Friday, July 4, 2014
Today I’m grateful for boarder entries. So, my friend David and I, with a truck full of Mexican pottery, furniture, doo-dads and Kahlua, zipped across the border without incident. Hah! Gottcha! Have you been paying attention? Pony up!
Still sweating like boar-hogs, we hop in the truck, fully loaded, like a baked potato at Wendy’s and head for the border. We try using the air conditioning but it leaves us feeling like we’re being freeze-dried so we opt for windows. All the way to the border we are discussing our options. . .er, “story”. . .er, options. “I think we have too much stuff to not declare it and we should just pay the fee,” I say. David doesn’t think so because, well, he’s David and there is the world’s expectation and there is David’s expectation and they don’t match that often. FYI – I’ll take his any day.
“When we get there, just let me handle it, okay?” He says. “I only hope they don’t make me unload the truck.” Sure. Yeah. That’s fine. I’m picturing myself in a Matamoros jail, or worse, for about the fourth time during this trip. Without David I’d have no blood pressure at all.
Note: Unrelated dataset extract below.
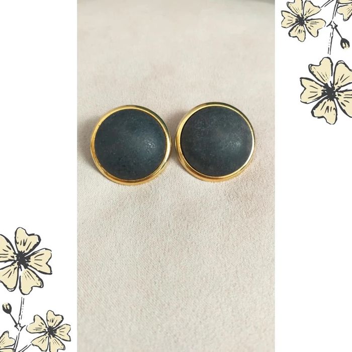 Boucles d'oreilles vintage clip – noir & doré - photo numéro 3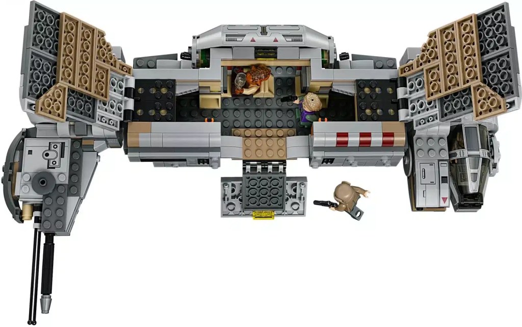 - Verfügt über aufklappbare Dachluken und ein aufklappbares Cockpit, eine absenkbare Rampe, Platz für 4 Minifiguren im Inneren sowie federunterstützte Doppel-Shooter.

We pull up to the long line. It is moving as fast as an armadillo on valium. Our discussion of possibilities is ratcheting back and forth between us faster than Forrest Gump’s ping-pong match. Then we are motioned to pull forward. The motion renders me mute for the first and only time in my life. My brain is chanting, “Let David handle it. Let David handle it. Let David handle it.” I’m saying it, but control freak that I am, I’m not buying it. At that point I didn’t trust David any further than I can throw-up. But he’s never let me down before so I stay silent. I know. Hard to believe.
There are several armed, uniformed, Mexican border patrol guards. The one on my side of the truck glares at me, so I smile and wave at him. The one on David’s side leans towards the window of the truck and asks, “Do you have anything to declare?” I start to shake. I can’t breathe. I might pass out. I’m still smiling like a lunatic, except it’s looking more like a guilty grimace. David casually says, “Yes, we have two bottles of Kahlua!” And he reaches on the seat between us and holds up the bottles. Am I on Mars? We’re in a TRUCK! Full of Mexican crap! Two bottles of Kahlua, you said?
The guard nods and says, “Pull over there, please,” motioning to the side where other suspicious vehicles are being examined. Holy crap! I’m wondering if the prison guards will look like the guys who carried the furniture, or the old, big-bellied, unshaven, grimy banditos from old westerns, with bullets strapped in an X across their chest. My luck?
“Please get out of the truck, sir,” the guard says. I start to open my mouth and David shoots me a look that says, “Shut the *&%# up! Don’t say a word. Leave this to me!!!!!” He doesn’t look terrified, like I am, so I cave. . .and trust him. My brain is orbiting the Mexican hoosegow again. I’m trying to not look waspish with my light brown hair, green eyes, big boobs and ridiculous grin.
The guard asks David to open the hatch on the back of the truck. The truck filled to the brim with furniture and pottery. Ha. Ha. When the hatch went up, I felt tazered. Then I heard David and the guard stomping around in the small open space in the back of the truck, banging a bunch of stuff and laughing. Laughing? I’ve moved from Mars to Pluto to Interpol. David is loud. . .full-on, full-blown, standing-room-only-in-the-theater, loud. He is giving the performance of his life. And mine. Literally.
The hatch slams down, David hops in the truck, the guard salutes him and waves him through laughing, nodding and winking. We are on our way, both of us staring straight ahead, eyes glazed like fresh donut munchkins. “We can’t stop for a few miles,” David breaks the silence. “Why is that?” I ask. “And are you ever going to share with me what went on back there? I thought we were both going to wind up some bandito’s bitch!”
He said he’d tell me in a little bit because he was pretty sure that they were still watching us from the air. “I think they thought we had a truck full of illegals and now they’re watching to see if we unload them. The guard seemed relieved we only had furniture and pottery.” Holy crap. Double holy crap.
When we got a few miles down the road, safely out of border/illegal alien territory, David shared that he did a faster tap dance than Bojangles. “The only thing I could think of was to play the disgusted man, whose woman went crazy buying crap and now I had to haul all of it home.” He said he’d rattled off a bunch of complaints about how women will drive you crazy and gesticulated more than someone doing high-octane sign language. “Are you married?” David asked the guard. “You have a wife?” The guard nodded, “Si, Si!” David put his arm around the guard. “Then you know women!” He pleaded male brotherhood. “Si! Si! Seeen’ora loco! Si!”
Today I am grateful for those border guards. We weren’t criminals, we were just crazy. I think there might be a difference. I didn’t see David’s actual performance, but the one I did see as he re-told the story, sent us into hysterics. Would we still be laughing when my husband opened the truck?